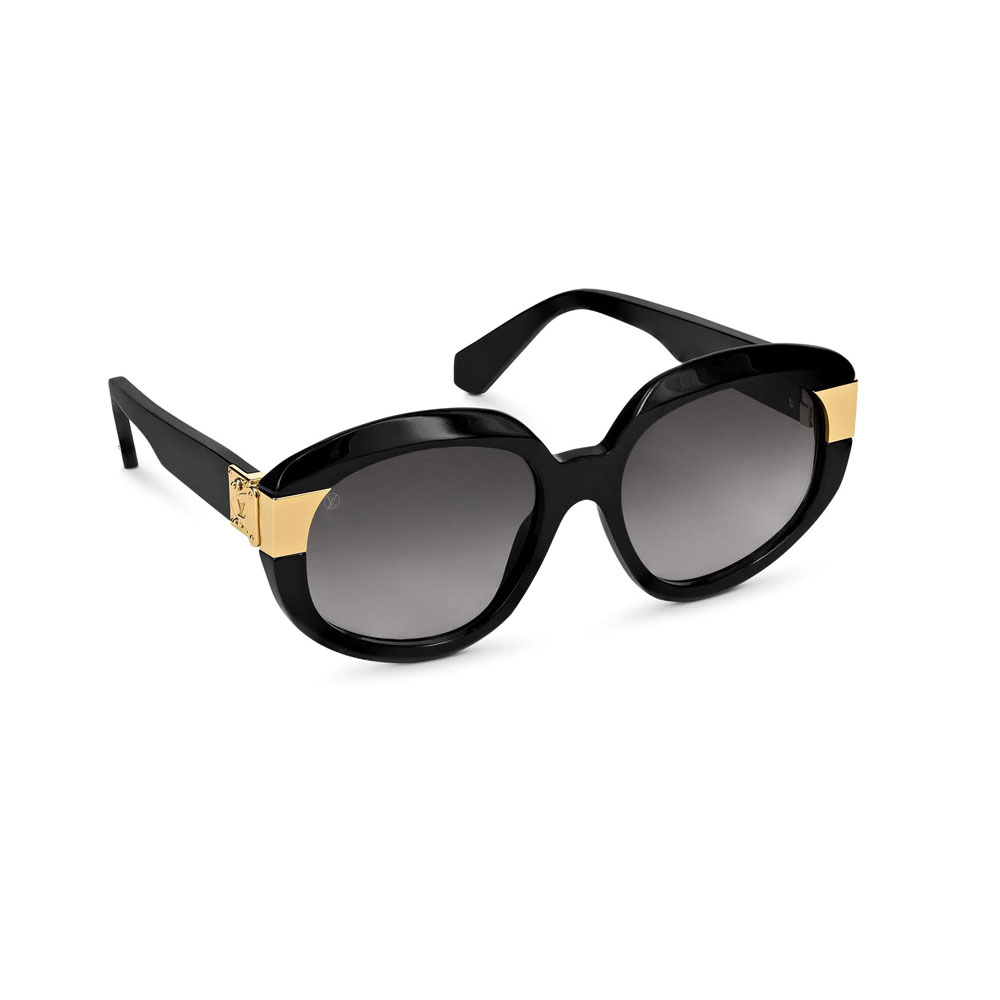 The iconic S-lock hinge on these bold Charade sunglasses is a reminder of the House's long tradition of artisanal expertise. This classic feature is incorporated into oversize. rounded frames with distinctive modern lines. Referencing Louis Vuitton's design heritage. the end tips are shaped to resemble the iconic Speedy bag.
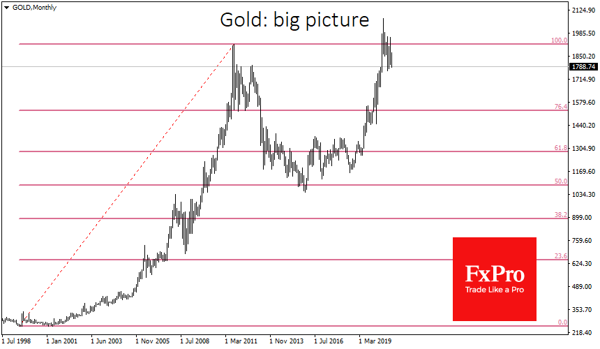 Нынешняя волна роста золота стартовала в августе-сентябре 2018 года от уровней вблизи $1200 до $2075, которых удалось достичь в августе 2020 года. Ближайшей целью дальнейших продаж выглядит уровень $1734, коррекция на 61.8% от предыдущей волны роста по Фибоначчи.
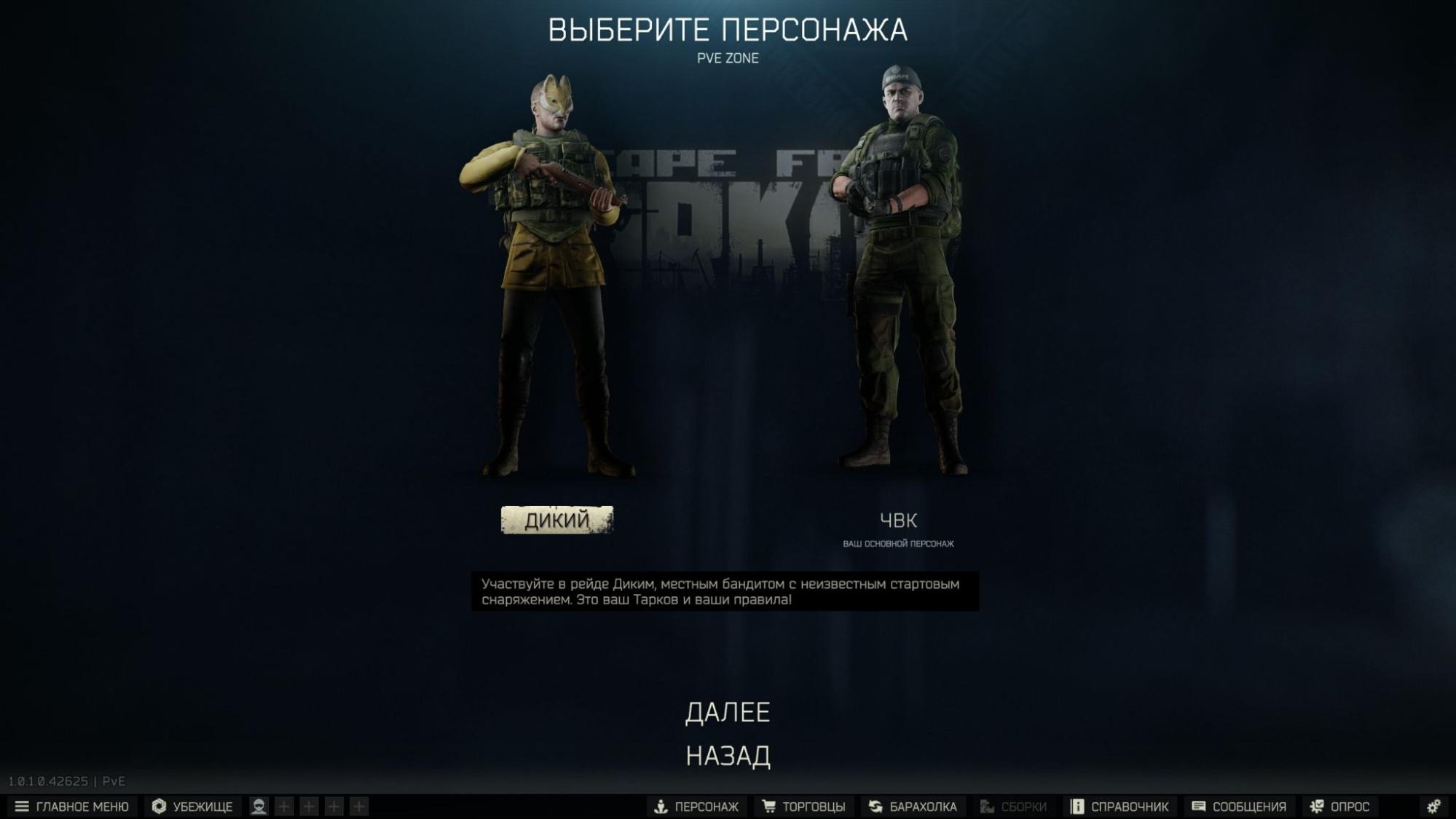 Частично снизить риск позволяет игра за так называемых «Диких» — персонажей с заранее подготовленным снаряжением. Этот персонаж полезен в ситуациях, когда внутриигровые ресурсы на исходе, но он имеет ограничения: играть за «Дикого» можно раз в 20 минут, а гибель негативно влияет на отношения с торговцем.
☆ ☆ ☆ ☆ ☆
=== Required action ===
Would you copy all of the data exactly? Keep the pictures out of it.

=== Task response ===
 The iconic S-lock hinge on these bold Charade sunglasses is a reminder of the House's long tradition of artisanal expertise. This classic feature is incorporated into oversize. rounded frames with distinctive modern lines. Referencing Louis Vuitton's design heritage. the end tips are shaped to resemble the iconic Speedy bag.
 Нынешняя волна роста золота стартовала в августе-сентябре 2018 года от уровней вблизи $1200 до $2075, которых удалось достичь в августе 2020 года. Ближайшей целью дальнейших продаж выглядит уровень $1734, коррекция на 61.8% от предыдущей волны роста по Фибоначчи.
 Частично снизить риск позволяет игра за так называемых «Диких» — персонажей с заранее подготовленным снаряжением. Этот персонаж полезен в ситуациях, когда внутриигровые ресурсы на исходе, но он имеет ограничения: играть за «Дикого» можно раз в 20 минут, а гибель негативно влияет на отношения с торговцем.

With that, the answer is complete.